The documented later life points the other way. Gage held steady work in a livery stable, then spent years in Chile driving a stagecoach, handling a heavily laden six-horse team. That is not the resume of a man incapable of planning or self-control, and Macmillan has argued it suggests a substantial recovery in the years after the injury, the kind of regaining of function the early accounts leave out. Harlow himself was careful on this point. Mentally, he wrote, the recovery was only partial, the faculties “enfeebled in their manifestations,” but there was “nothing like dementia.”
There is even confusion about the ending. Harlow gives the date of death as 1861 and the survival as twelve years and some months, but the date now established by later researchers is May 1860, which puts the survival closer to eleven years and eight months. Gage died in San Francisco after a series of seizures, probably late consequences of the old head injury. No autopsy was performed. His skull and the iron were later recovered at Harlow’s request and remain at Harvard.

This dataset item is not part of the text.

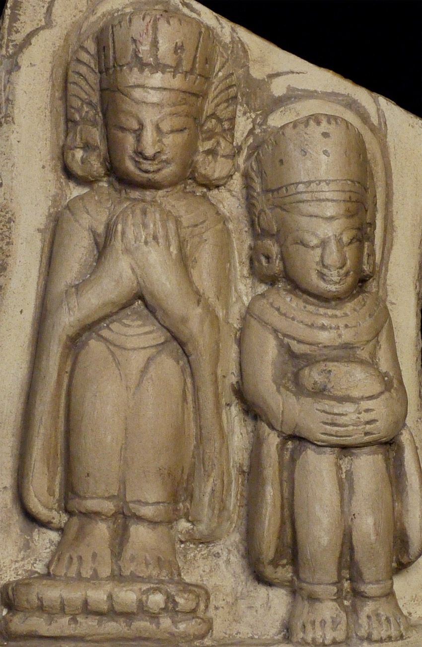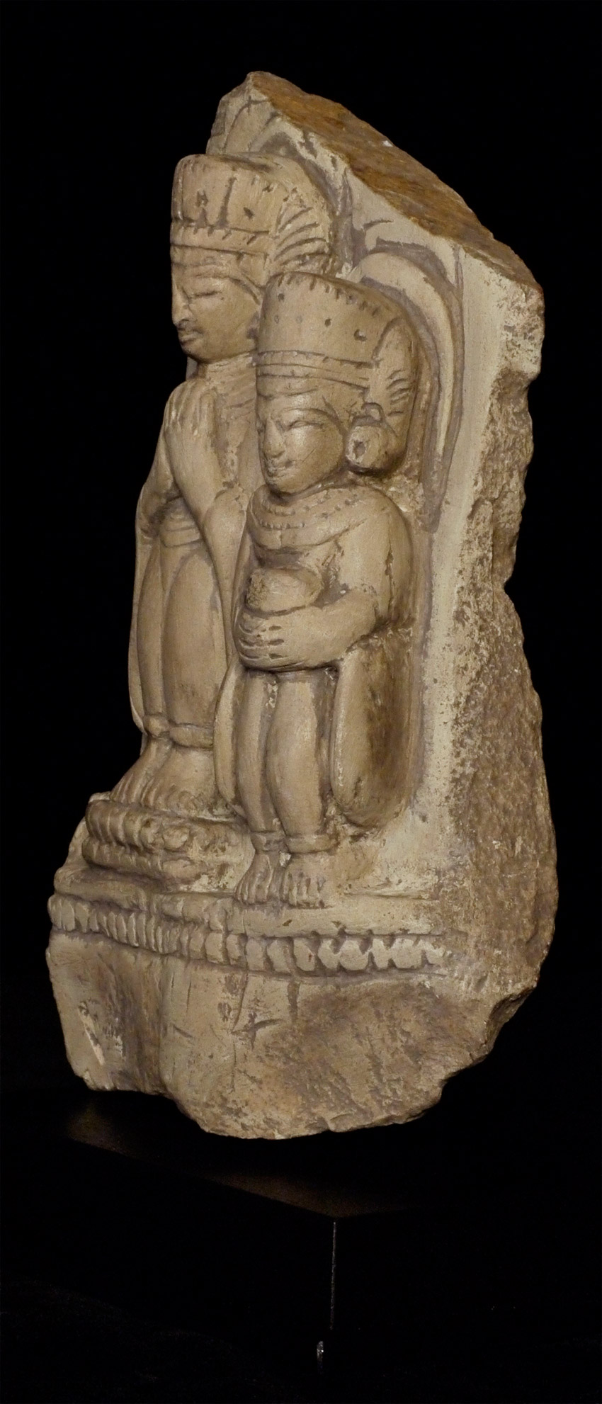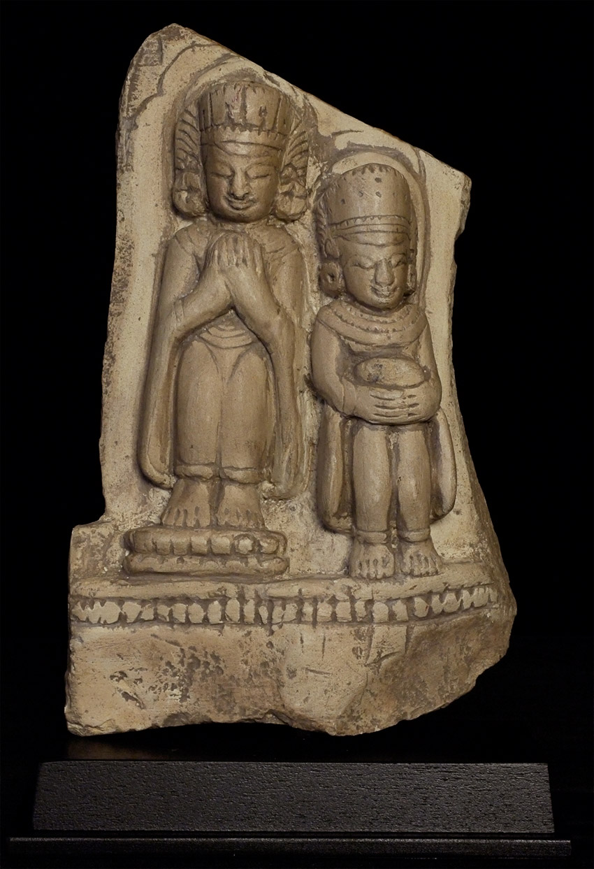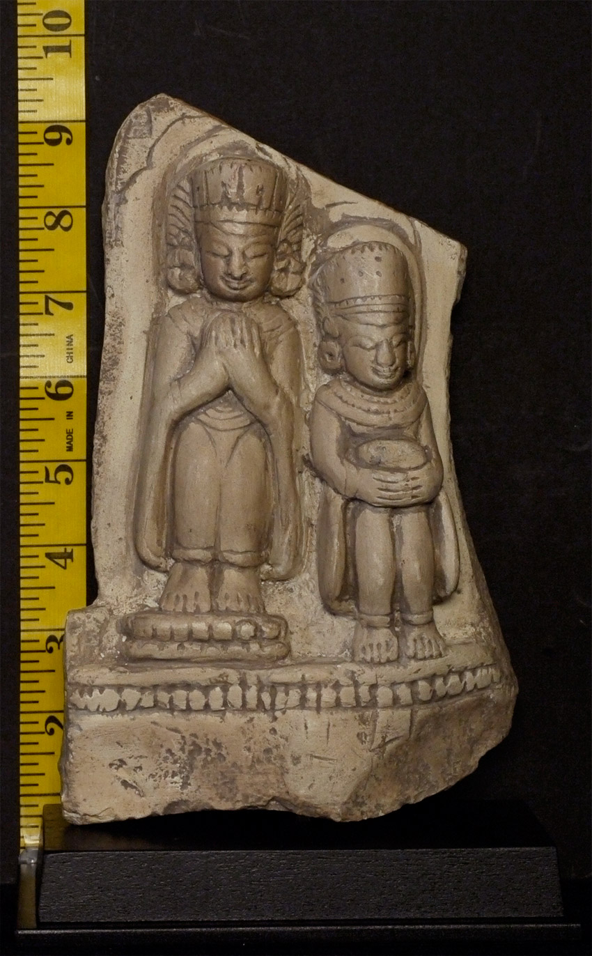 Burmese Arakan 9-15thC representation of a king in the form of a Buddha and monk. Now on a custom base. Stone alone stands 8 inches tall, height on custom stand height is 9.25 inches. Hard to date precisely, as this type of style was emulated over a wide period of time. Great smiles!

What is left when the legend is set aside
Strip away the embellishments and the case is, if anything, more interesting. A man took a metal bar through the front of his brain, stayed awake through it, and walked within the hour. He lived more than a decade longer, worked, traveled, and was changed in ways his doctor recorded honestly and without exaggeration. The specifics of how he was changed, and how much, are thinner and more human than the monster of the retellings.
That gap between the careful record and the story it grew into is its own kind of lesson. The question worth sitting with is not how badly the iron ruined Phineas Gage. It is how little of what everyone is sure they know about him ever made it into the careful record, and how much accumulated in the retelling.